Location
- 3951 S Pantano Rd Tucson, Arizona United States 32°10′34″N 110°49′21″W﻿ / ﻿32.176128°N 110.822543°W

Information
- Type: Public
- Established: September 2, 1969
- School district: Tucson Unified School District
- CEEB code: 030513
- Principal: Tamara Ray
- Staff: 26.60 (FTE)
- Enrollment: 333 (2023-2024)
- Student to teacher ratio: 12.52
- Colors: Green and gold
- Team name: Eagles
- Website: santaritahs.tusd1.org

= Santa Rita High School =

Santa Rita High School is located in Groves Lincoln Park, Tucson, Arizona. The school was established in 1969. It was named after the Santa Rita Mountains, one of the mountain ranges surrounding the Tucson valley. Contemporary establishments Sahuaro High School and Sabino High School have similar facilities. The campus has three main two-story classroom buildings where most classes are held. The school educated about 950 students from grades 9 to 12. Graduating classes usually consisted of 300 students. In recent years, enrollment at Santa Rita has dropped. As of the 2023 school year, enrollment was at 392.

In the 1984–85 school year, it was honored as a Blue Ribbon school.

==Campus==

Most classes are held in the one, two, and three hundred buildings with a few such as Band, Choir, Adv. Culinary Arts, Welding, Construction, Automotive Technology, and Drama held in other buildings. Vocational programs are held in the northernmost building of the campus.

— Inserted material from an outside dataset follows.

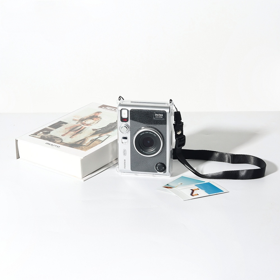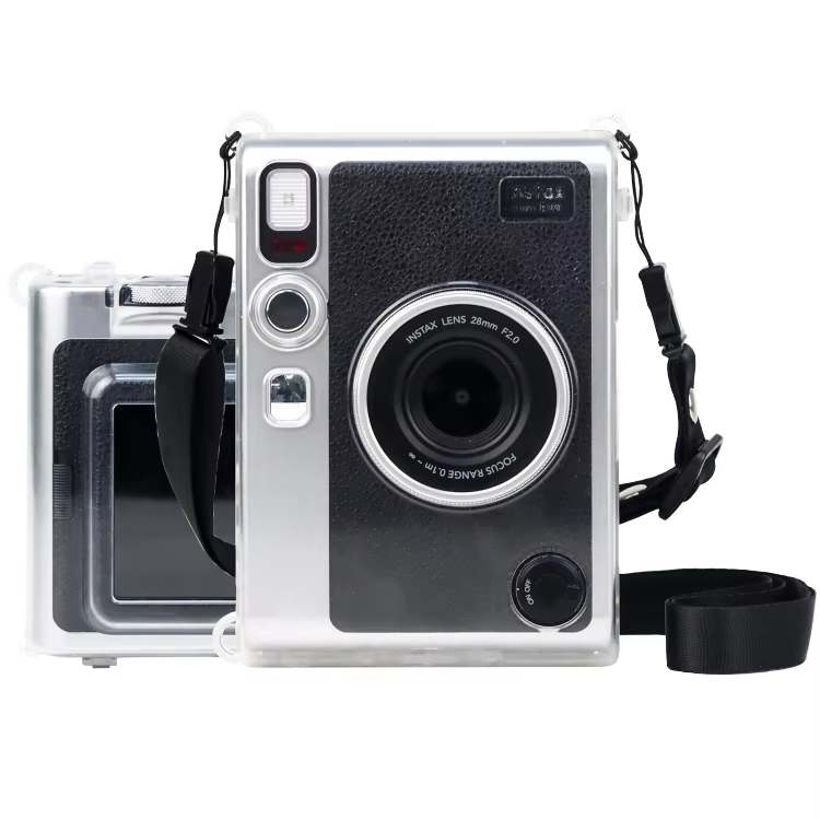 Coque Instax Mini EVO, coque rigide transparente transparente en PC avec sangle, protection anti-rayures

Recently Santa Rita has expanded by adding a secondary, more current gymnasium to their campus.

==Athletics==

===Football===

In the summer of 2007 it was announced that Santa Rita would be hiring a new football coach, Jeff Scurran. After a 0-10 2006–2007 season, the Eagles underwent a radical transformation to an 11-2 team, falling one game short of the championship game. For the next two seasons, the Eagles went to the title game but came up short. The 2008-2009 team had a record of 12-2 and lost to the defending champions from Notre Dame Preparatory High School by a score of 30–26. The 2009-2010 team returned to the state championship with a record of 11–3, but they lost in the coach's final game at the school as Cactus High School would shut them out 14–0.

In 2022, the Eagles were forced to forfeit most of their games due to academic issues and injuries. In Fall 2023, a 33-player squad under new head coach, Doug Smith took the field.

===Basketball===
In 98’-‘99 school year, the Eagles led by Coach Ferguson, defeated Thunderbird High for the 4A Boys state title.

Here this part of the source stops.